__Dataset content__.
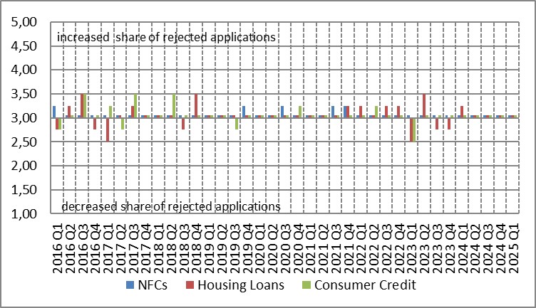 During the first quarter of 2025, the ratio of rejected applications for housing loans and consumer credit remained unchanged (see Chart 3).
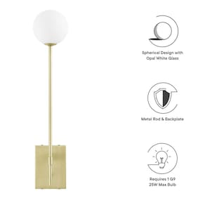 Arandela de parede Modway EEI-6533-SBR Riva White Globe, latão acetinado
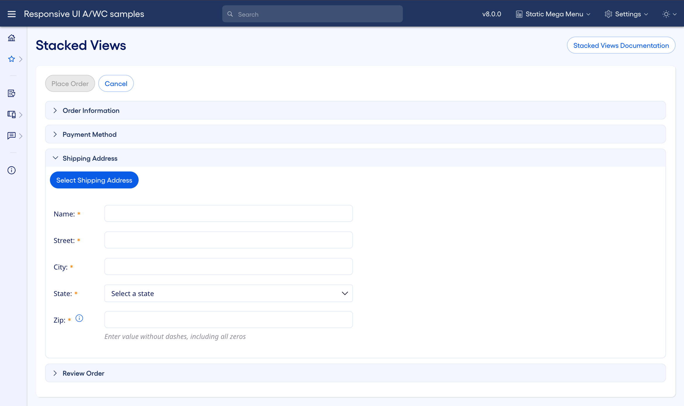 Stacked views allow you to open additional view components over a base view in order to complete a complex secondary task while not leaving a primary task. For example, if the primary action is to create a new order, but the user needs to update a saved address during the process, they can do so without losing their place in the order process.

__To do__. Repeat the material exactly and drop each image.

__Your response__.
 During the first quarter of 2025, the ratio of rejected applications for housing loans and consumer credit remained unchanged (see Chart 3).
 Arandela de parede Modway EEI-6533-SBR Riva White Globe, latão acetinado
 Stacked views allow you to open additional view components over a base view in order to complete a complex secondary task while not leaving a primary task. For example, if the primary action is to create a new order, but the user needs to update a saved address during the process, they can do so without losing their place in the order process.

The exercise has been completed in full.